We have been able to restore markets and get the retail and wholesale sector back into business.
The finances of central government are recovering steadily - total revenues to the State have grown from $4 million in January to $70 million in July. My guess is that the theft and plunder of public assets has been reduced from perhaps $1,5 billion last year to $250 million.
That is partly because we have closed down the Reserve Bank and partly because there is not much left to steal.
We have been able to partly restore our relations with the international community - the World Bank and the IMF are both back in Zimbabwe with limited programmes of technical assistance and the Bank is making its first forays into local finance since 1997. We have made formal contact with virtually all the OECD States as well as the Non Aligned countries; international grant aid has reached $100 million a month and lines of credit negotiated, although we have yet to see the colour of this money.

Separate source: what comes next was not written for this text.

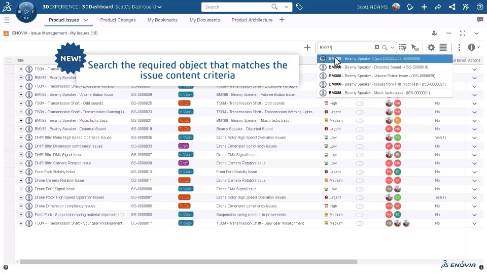Easily find the issues of attention by filtering them according to specific “Affected Items, Resolved Items or Context” in Issue Management app Make informed decisions on documents attached to a route, thanks to the new Approval Status column in Document Management app. Improve collaboration on 3D, by defining and sharing a startup view, in 3D Navigate app. To discover more about these enhancements, please go to this link on the ENOVIA User's Community https://r1132100503382-eu1-3dswym.3dexperience.3ds.com/#community:38/wiki:cNEIE6VGRTulk0bKpkfyjg |
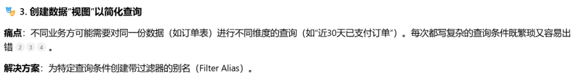 ②避免正则,通配符,前缀查询.避免模糊查询.如果要模糊查询,可以把大字段拆分为多个小字 段,动静分离把模糊条件具体化.

On the downside we have seen little progress in media reform. No changes in the attitude or the activities of the security agencies and no changes to repressive legislation or improvements in the management system for elections. The constitutional reform process has started, but faces a difficult and tortuous path over the mountains in its way. The judicial system as a whole is being used as an instrument of oppression and a political weapon. No progress has been made in agriculture where output and activity continues to decline.
Yesterday the South African Minister responsible for Foreign Affairs said that she wanted to see "the acceleration of the implementation of the Global Political Agreement". In fact I think she said the "full implementation" and that would be even better. More we could not ask for, as the GPA, even though it has numerous weaknesses and faults, is the only way forward.
I attended the annual Congress of the Commercial Farmers Union this week in Harare. It was a courageous and well organised affair and Deon Theron was elected President. I was glad to see both - it is vital that while we work on the solution to our problems and negotiate the difficult terrain ahead of us that we keep what is left of our economic institutions alive and operational. Deon will make a good President and is an important player in this situation.
The keynote address was given by a farmer from Zambia who is the current President of the International Association of Agricultural Unions. It was an excellent summary of the global state of agriculture and it was good to see a farmer from Africa in such an influential position.
Zimbabwe's displaced farmers are making a huge impact on agriculture throughout the continent and are a real testimony to what we have lost in the way of human capital.
C G Tracey died the other day and his book "All for nothing?"
was on sale at the CFU Congress. It is an excellent read for anyone who is interested in this country and wants to see what has gone on over the past century - no man played a bigger role in building the country and served its best interests more than "CG", as he was known. The title was suggested by his wife before she died and all he did was to add the question mark to emphasise that it is not yet all over.
I hear rumbles that JZ may visit Zimbabwe for talks with Mugabe shortly.
The Vice President of SA is here for the funeral of our Vice President who died last week and he will be buried on Monday and no doubt talks will take place on the sidelines - funerals are great events for this sort of activity. Certainly we will have to wait for a couple of weeks to ascertain what is going to happen on this front.
If (as usual) we are let down by the region, we will have to fight our way through some very tough terrain. There is no doubt in my mind where the people are and if we can mobilise the resources required, we could stun Zanu PF yet again with a significant electoral victory in the bi elections. I was listening yesterday to some music especially written for the MDC and one song in particular asked "if you vote for Zanu, where are you going?" That just about sums things up.
This is not the time to relax or to abandon the prayer mat - we need to work and pray. At its heart this is a spiritual battle and both activities are vital to our eventual victory.